Тот из них, кто держался в центре и был прикрыт своими товарищами, прошептал возле самого гроба:
— Проклинаю тебя, Бертран де Го, как это сделал и мой магистр. Чтобы тебе во веки вечные жариться на адском огне!
18
Париж, 28 октября 1314 года
Утро предвещало непогоду на весь день. Серое облачное небо грозило пролиться дождем. Солнце еще не поднялось из-за горизонта, и парижане понимали, что зимние морозы уже таятся за ближайшим углом.
В таких обстоятельствах было не очень-то приятно выбираться из города, однако Филипп Четвертый упорно желал отправиться на охоту, пока погода вконец не испортилась. Вскоре начнутся снегопады, тогда будет почти что невозможно предаваться занятию, которое с юношеских лет являлось любимой забавой короля.
С раннего утра в дворцовых псарнях и конюшнях поднялась суматоха. Начинался день большой охоты. Конюшие в последний раз расчесывали лошадей и проверяли сбрую, королевские псари науськивали собачьи своры. Их лай разносился по всей округе.
В гостевых покоях дворца прислуга тоже сбивалась с ног, приготовляя завтрак для дам, придворных и священнослужителей, приглашенных его величеством. Первые гости уже явились во дворец. Их принимали в соответствии с рангом и знатностью рода. На лицах некоторых приглашенных читалось раздражение из-за того, что им пришлось так рано вставать. В такой денек куда лучше было бы оставаться в теплой постельке, в объятиях щедрой на ласки подруги, нежели отправляться в промозглую даль.
— Погодка сегодня не для охоты. Облака долго не рассеются, если солнцу вообще удастся их разогнать, — ворчал Бернар де Понтиньи, снимая плащ и толстые перчатки, предохранявшие его от утреннего заморозка.
— Вижу, вы с утра не в духе, мой господин, — заметил дородный кардинал, поминутно потягивавший янтарный ликер из чаши, которая утопала в его широких ладонях.
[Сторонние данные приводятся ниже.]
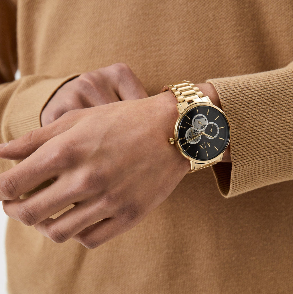 Armani Exchange's 42mm watch features a black skeleton dial, at least 50% recycled stainless steel case, multifunction movement and gold-tone stainless steel bracelet.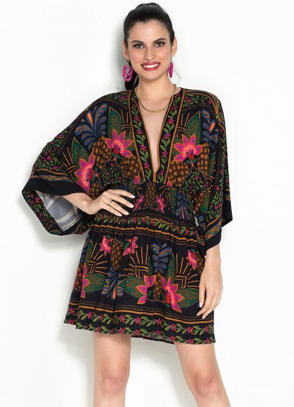 Farm - Vestido Curto de Viscose Mandala Tropical Preto

— Полагаю, карета у подъезда принадлежит вашему преосвященству? — бесцеремонно поинтересовался канцлер.
— Да, дражайший Понтиньи.
— Так я и думал.
— Почему же?
— Потому что сегодня, как вижу, ваше преосвященство пребывает в необычайно милосердном расположении духа. Вы решили избавить вашу лошадь от тяжкого наказания. Ей не придется влачить на себе столько плоти, сколько скрывается под вашими просторными одеяниями.
Кардинал покончил с ликером, прищелкнул языком и укорил де Понтиньи:
— Полагаю, что канцлеру Франции прежде всего надо заботиться не о конюшнях своих ближних, а о своей собственной.
Таким ответом клирик язвительно намекал на всем известные слухи о том, что супруга Бернара де Понтиньи входила в число королевских любовниц.
Понемногу нижний дворцовый зал заполнялся приглашенными. Мажордом распорядился расставить здесь вдоль стен длинные столы, ломившиеся от яств, чтобы оказать охотникам достойный прием.
Слуги сновали от стола к столу, исполняя заказы, которые порою граничили с причудами. Минуты шли, обстановка постепенно разряжалась. Об этом можно было судить по частым взрывам смеха, вызванного каким-нибудь чересчур громким или неуместно веселым замечанием. Присутствие дам оживляло беседы.
Сквозь окна в зал проникал гомон, которым уже наполнился двор. Оттуда доносился нестройный лай собачьих свор, звон подков и скрип повозок. Их оси трещали под немалым грузом всякого скарба, без которого королевская охота попросту немыслима. Здесь были передвижные кухни, походные шатры и все необходимое для того, чтобы охота походила на праздник, на котором олени и кабаны являлись бы лишь одним из пунктов разнообразной программы.